The station was to have been built on the W&SR's planned surface railway line in Surrey (now south-west London) from Wimbledon to Sutton. The station was to be built on a bridge where the railway crosses Cannon Hill Lane. The construction of the railway was approved in 1910. In 1911 the UERL agreed to provide funding for the line's construction and to operate its train services by extending the UERL's District Railway (DR) from Wimbledon station.

Delays in the purchase of land along the railway's route and the outbreak of war prevented the works from commencing and the permission was extended several times with a final extension granted in 1922. Following the war, the UERL presented new proposals to construct an extension of the City and South London Railway (C&SLR, now part of the Northern line) from Clapham Common to Morden in tunnel where it would come to the surface and join the W&SR route. Both DR and C&SLR trains would run to Sutton. The plan to extend the C&SLR was opposed by the Southern Railway (SR), the operator of the mainline services through Wimbledon and Sutton. A settlement between the companies agreed that the extension of the C&SLR would end at Morden and the W&SR would be taken over and its route would be constructed by the SR.

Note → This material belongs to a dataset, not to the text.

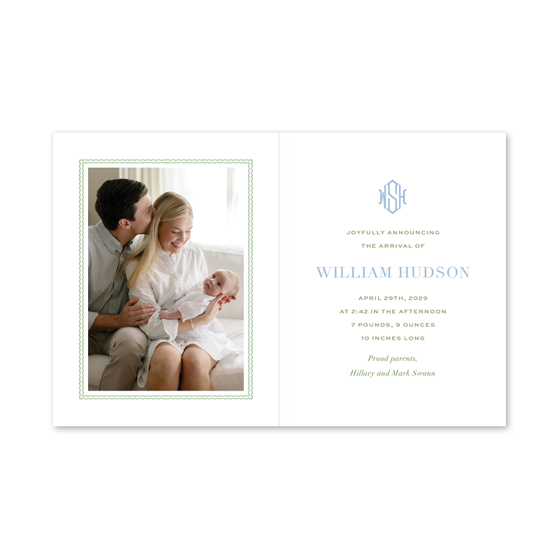 Christine's Hydrangeas Blue Folded Birth Announcement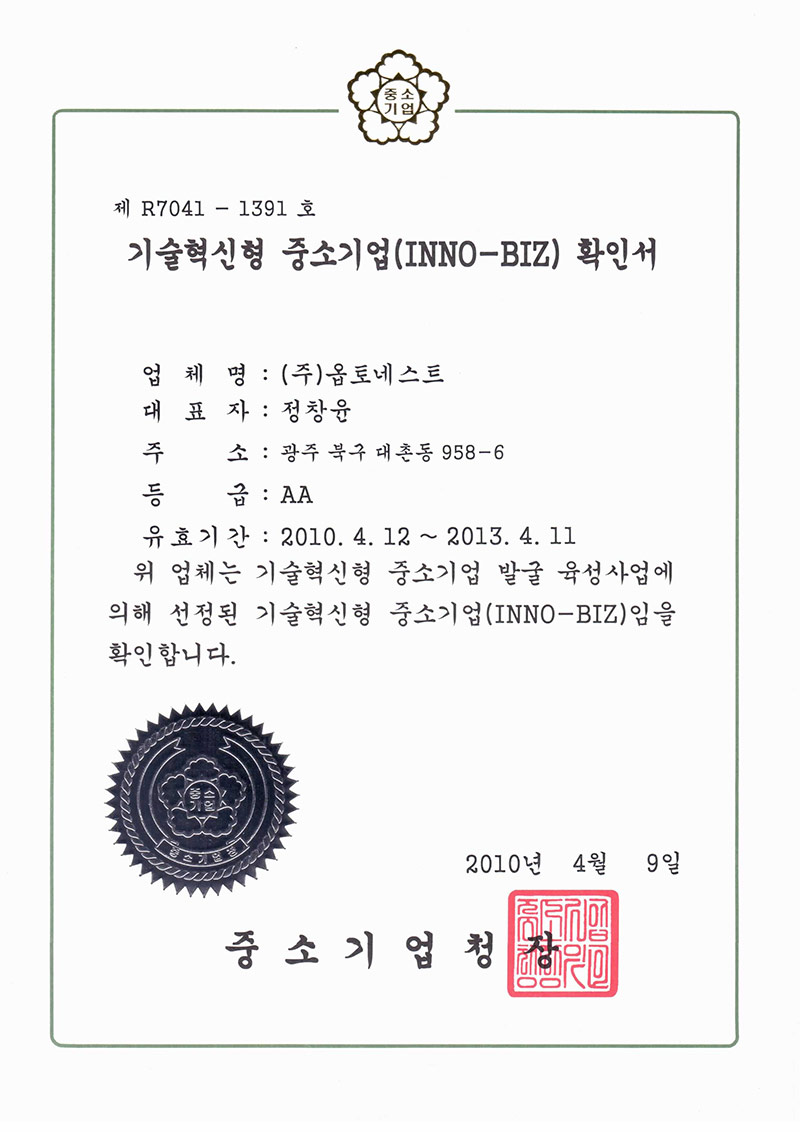 인증 | 기술혁신형 중소기업 확인서 페이지 정보 작성자 관리자 작성일10-10-15 09:18 조회18,759회 댓글0건 관련링크 이전글 다음글 목록 본문 기술혁신형 중소기업 확인서 댓글목록 등록된 댓글이 없습니다. 이전글 다음글 목록

When the Wimbledon to Sutton line was constructed by the SR in the late 1920s, Cannon Hill station was omitted from the line's stations with the nearest station being to the north at Wimbledon Chase.

Abandoned plans
| Preceding station | London Underground |  |  | Following station |
| Merton Park towards Sutton |  | District line (Wimbledon & Sutton Railway) |  | Elm Grove towards Barking or Edgware Road |

==Bibliography==
- Jackson, Alan A. (1966). "The Wimbledon & Sutton Railway - A late arrival on the South London suburban scene"
- Wilson, Geoffrey (2008). "The Wimbledon & Sutton Railway"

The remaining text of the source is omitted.